Когда миссис Линд пришла в Зеленые Мезонины, Аня бродила по саду, расцвеченному красноватым вечерним солнцем. Так что у почтенной дамы была отличная возможность поведать Марилле о своей болезни, с явным удовольствием расписав каждую боль и биение сердца. Когда подробности были исчерпаны, миссис Линд обратилась к главной цели своего визита.
– У вас, как я слышала, неожиданные перемены. Ужасная ошибка! – Миссис Линд сочувственно покачала головой. – Неужели вы не могли отправить девочку обратно?
– Могли, но Мэтью она приглянулась. Да мне и самой она нравится. Хочешь взглянуть на нее? Сейчас я ее позову.
Аня вбежала в комнату. Лицо ее еще сияло восторгом нового «открытия», сделанного в саду. Но неожиданно оказавшись в обществе незнакомой женщины, она растерянно остановилась в дверях.
– Да-а, выбрали тебя не за красоту, это точно! – Миссис Линд была одной из тех восхитительных особ, которые гордятся тем, что говорят обо всем прямо и открыто. – Марилла, она ужасно тощая и некрасивая. Да видал ли кто столько веснушек? А волосы – красные, прямо морковка! Подойди ко мне, детка, я хочу тебя получше рассмотреть.
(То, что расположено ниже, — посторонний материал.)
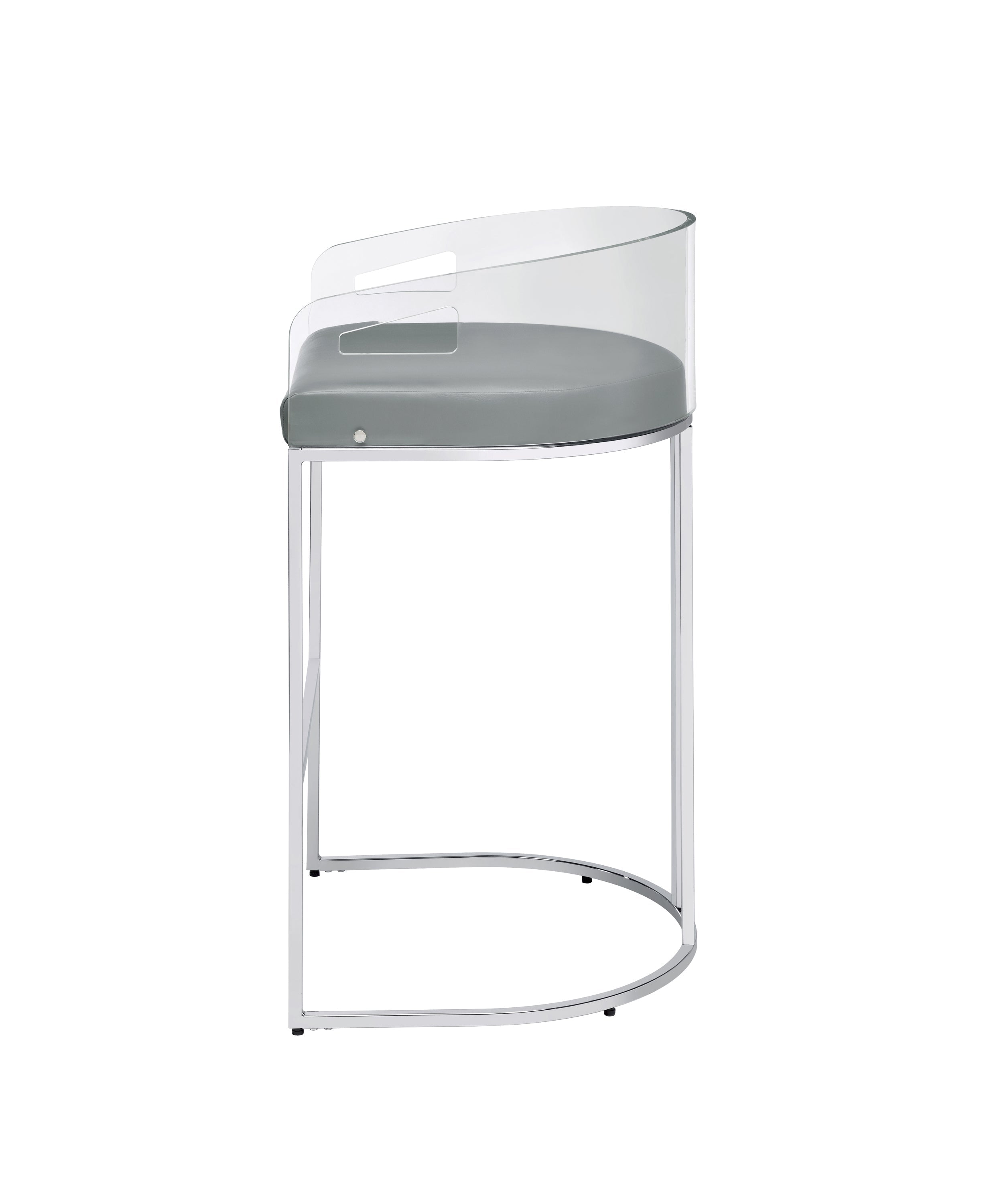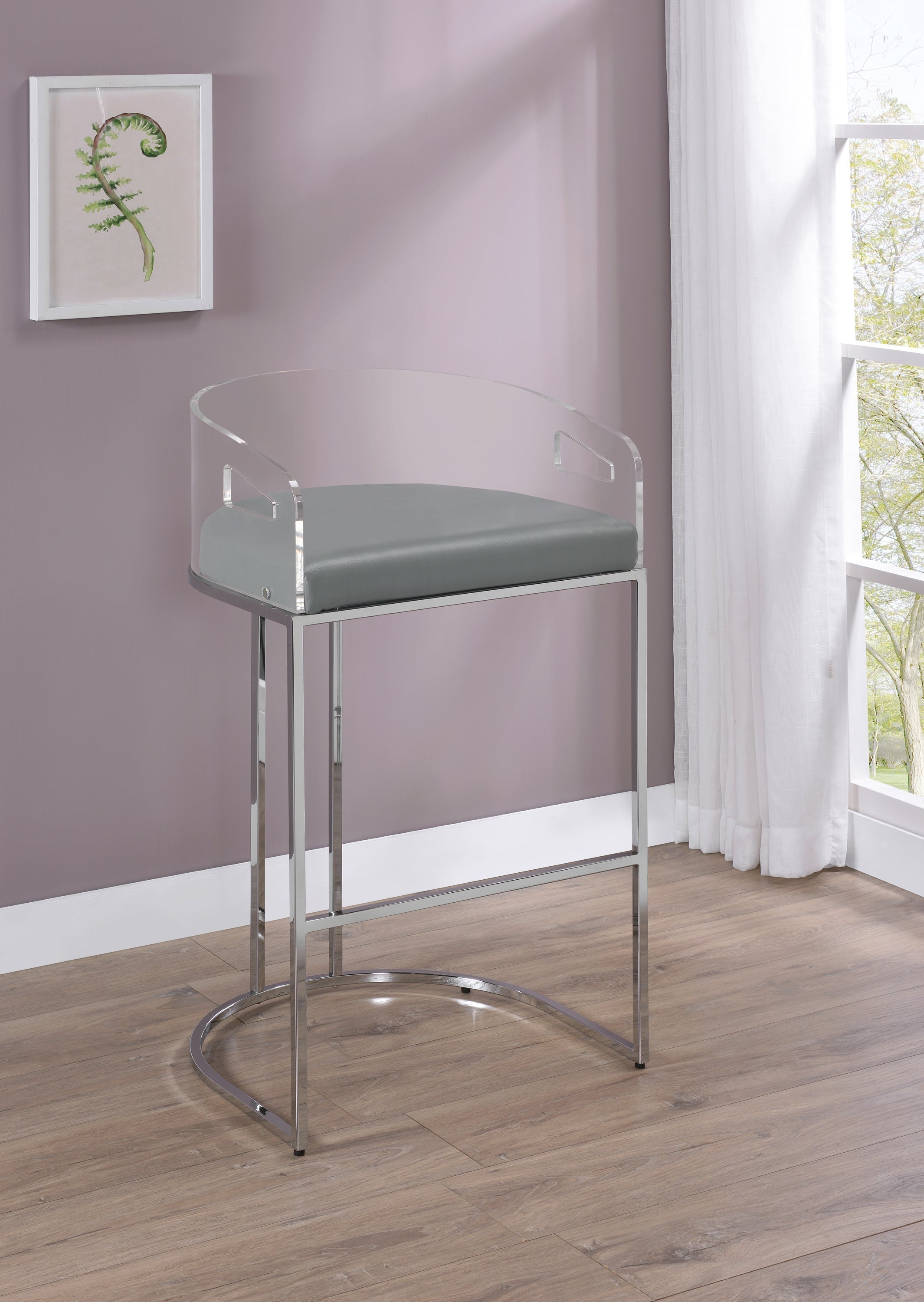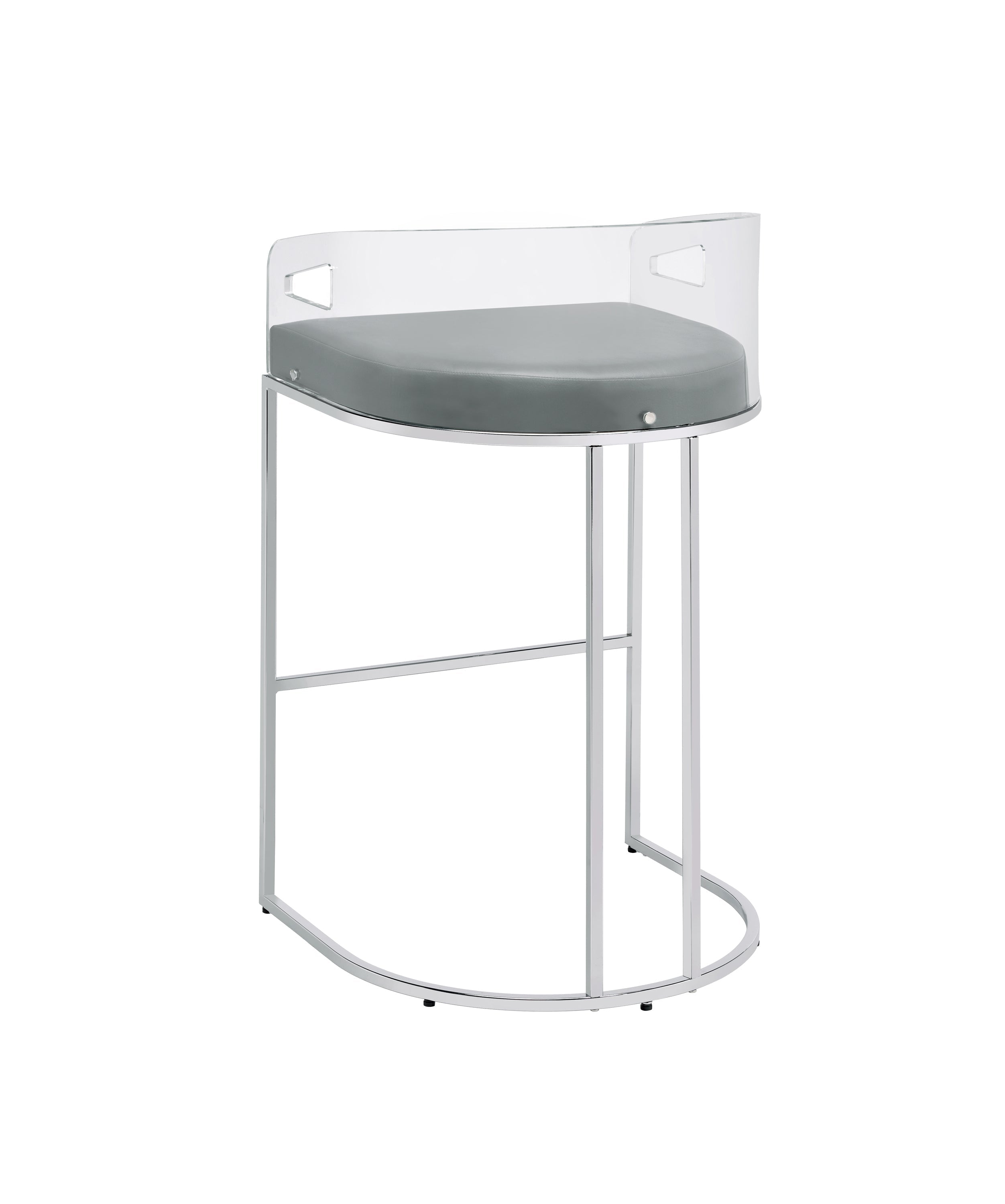 Ultra-modern with a retro-inspired vibe, this pair of stools make a striking piece to a dining room space. With a curved backrest in a clear acrylic material, each stool offers an open and airy design. Rest comfortably on a leatherette cushion as you dine or sip a cocktail. In addition, each stool is supported by a slim metal legs in a lustrous chrome finish and a base shape that mimics the rounded acrylic backrest. Pull up a pair of these stools to a kitchen bar or complete a compact home bar.

Аня «подошла», но совсем не так, как ожидала почтенная дама. Одним прыжком она пронеслась через кухню и остановилась перед миссис Линд с красным от гнева лицом; губы ее кривились, вся тоненькая фигурка дрожала.
– Я вас ненавижу! – закричала она, задыхаясь и топая ногой. – Как вы смеете называть меня тощей и некрасивой? Как вы смеете говорить, что у меня веснушки и рыжие волосы? Вы грубая, невоспитанная, бесчувственная женщина! Как вы смеете говорить такое обо мне? Как бы вам понравилось, если бы вам сказали, что вы толстая и неуклюжая и что у вас нет даже искры воображения? Меня не волнует, если я раню ваши чувства, когда это говорю!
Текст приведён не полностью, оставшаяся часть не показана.